For a week, Hoch will put to sea in one of his patrol junks to check posts up and down the coast. He takes no special rations for himself. Instead, he brings paper, pencils, books, shoes, medical supplies, and food to the people who live in the forgotten backwaters of this embattled nation.
If the men catch no fish on their long sea journeys, he goes hungry with them; if the mosquitoes are biting, he is fair game. If the area is dangerous, he shares in the danger.
He is a strange mixture of soldier, sailor, dentist, mechanic, linguist (he speaks a fractured Vietnamese), doctor, and teacher. He claims to have no special proficiency in any of these things, but maintains that anything that one can do as an amateur is better than sitting around doing nothing at all.
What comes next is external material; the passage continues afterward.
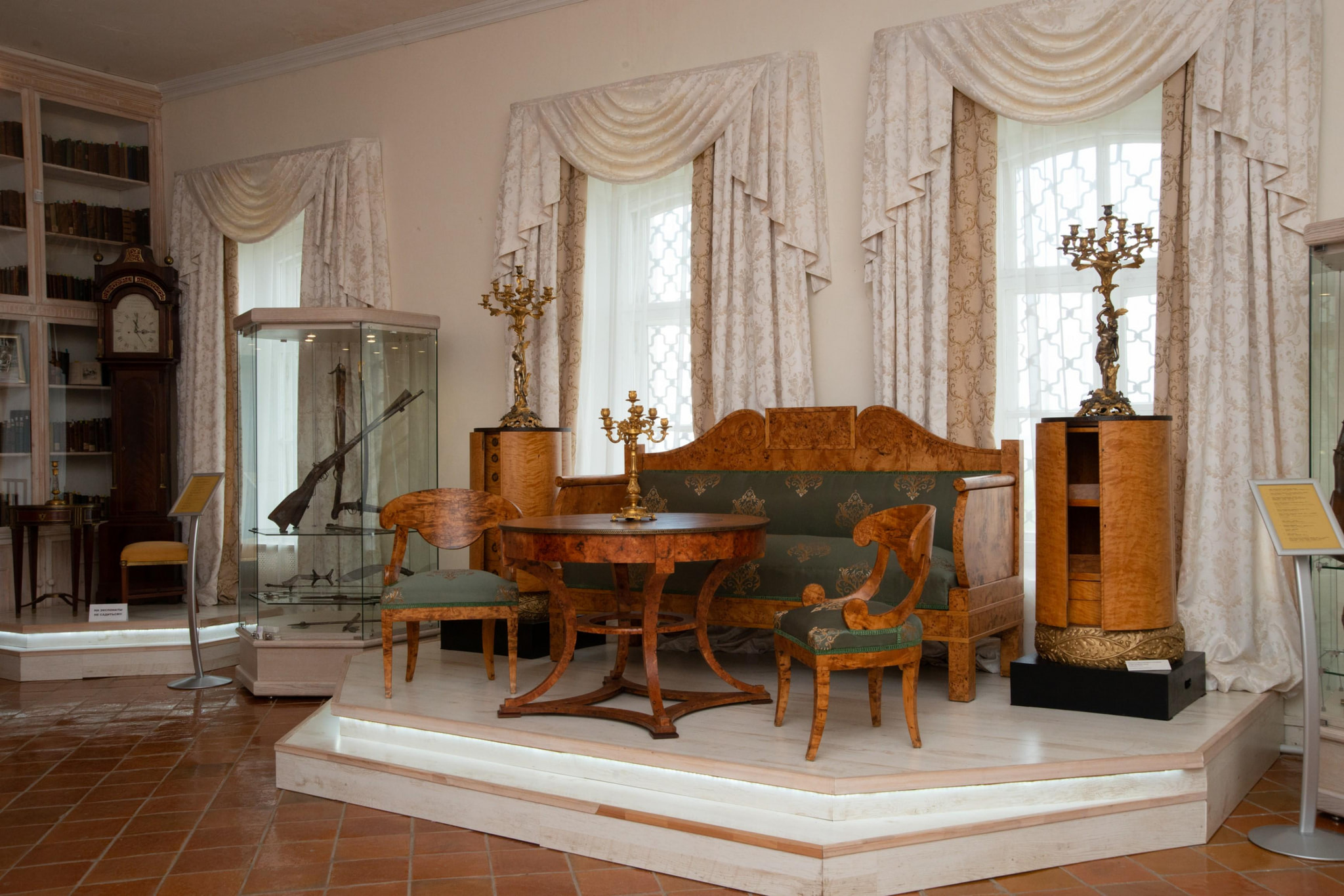 В экспозиции – художественные ценности и бытовые вещи из разрушенных дворянских имений Переславского уезда, часть того, что удалось спасти М. И. Смирнову и В. Е. Елховскому от разграбления и уничтожения в 1920-е годы. Фамильные портреты, мебель, фарфор, часы, книги в красивых кожаных переплетах, картины в тяжелых рамах, семейные реликвии связывают посетителя с культурой, историей, миром русской усадьбы.

Most of the small coastal villages to which he goes are dirty, poverty-stricken areas accessible only by sea. What is more, they are infested with the enemy.
Hoch runs his junk force in a way that is seldom found in the impersonality and coldness of the war here in Viet Nam. He is a man who has been presented the job of building an effective junk patrol force for the Navy. He has done this, but he has not stopped there.
Hoch has a private theory, that if one will only sacrifice a little more, share a little more the dirty work with the people about whom the war is being fought — then it will be won a lot sooner.
To him, this does not mean going on a dangerous mission and then returning with relief to the comfort of Saigon, leaving the men who were being advised behind in the mud.
The war, for him, is not like holding your nose for a brief moment through a bad smell.
He is in it the whole time and asks no exceptions because he is American.
This rare dedication has one visible side effect among the sincere and grateful Vietnamese: To them, Dai Wei Hoch already is a living legend.█
I happened across this article from the Boston Sunday Globe, dated October 20, 1963, while organizing boxes of alumni files, documents, clippings, slides, and correspondence, among other things. The treasures were numerous, but this made me pause… Wesley Hoch, class of 1954, in the Boston Sunday Globe?
The research began… more newspaper clippings: a Portland Press Herald article (April 26, 1957) following Ensign Hoch in “sort of a resumption of the search for the Northwest Passage” aboard the Requisite, a U.S. geodetic survey ship, following two ice breakers from west to east for 1,800 miles, only to be stopped by ice 50 miles from their destination; a LIFE magazine article (November 27, 1964) about the Black Pajama Navy and how “LT Lovdal’s job at Phu Quoc has been made easier because of the pioneer work of his predecessor, LCDR Wesley Hoch of Rockland, ME… ‘I heard a lot about Hoch and the wonders he performed with the scruffy little group of junks. The VC respected him so much they put the flattering price of 500,000 piasters (about $7,000) on his head…’”; and a book titled “Dai Uy Hoch: A Legend In Remote Seas,” a manuscript about his time in Vietnam that sat for over 40 years, published by his brother David after Wesley’s unexpected death December 23, 2004 at age 72.
His accomplishments and accolades are many, several documented in his book and mentioned in his obituary (see Eight Bells at mainemaritime.edu/alumni). To add to his honors, Wesley Hoch was the first to be named Maine Maritime Academy Outstanding Alumnus (1964). He is also on the MMA Wall of Honor for attaining “high levels of leadership within their chosen fields. By force of effort and ability, they have attained distinguished positions of responsibility. Their accomplishments have served society and brought credit to the Academy.”
Orville Schell, the author of the article, is a long-time China observer, author, journalist, and former dean and professor at the University of California, Berkeley. He has been a contributor on China for PBS, NBC, and CBS, where a 60 Minutes program of his won an Emmy.
I hope you find this article as interesting as I do, and I highly recommend reading “Dui Uy Hoch: A Legend In Remote Seas.”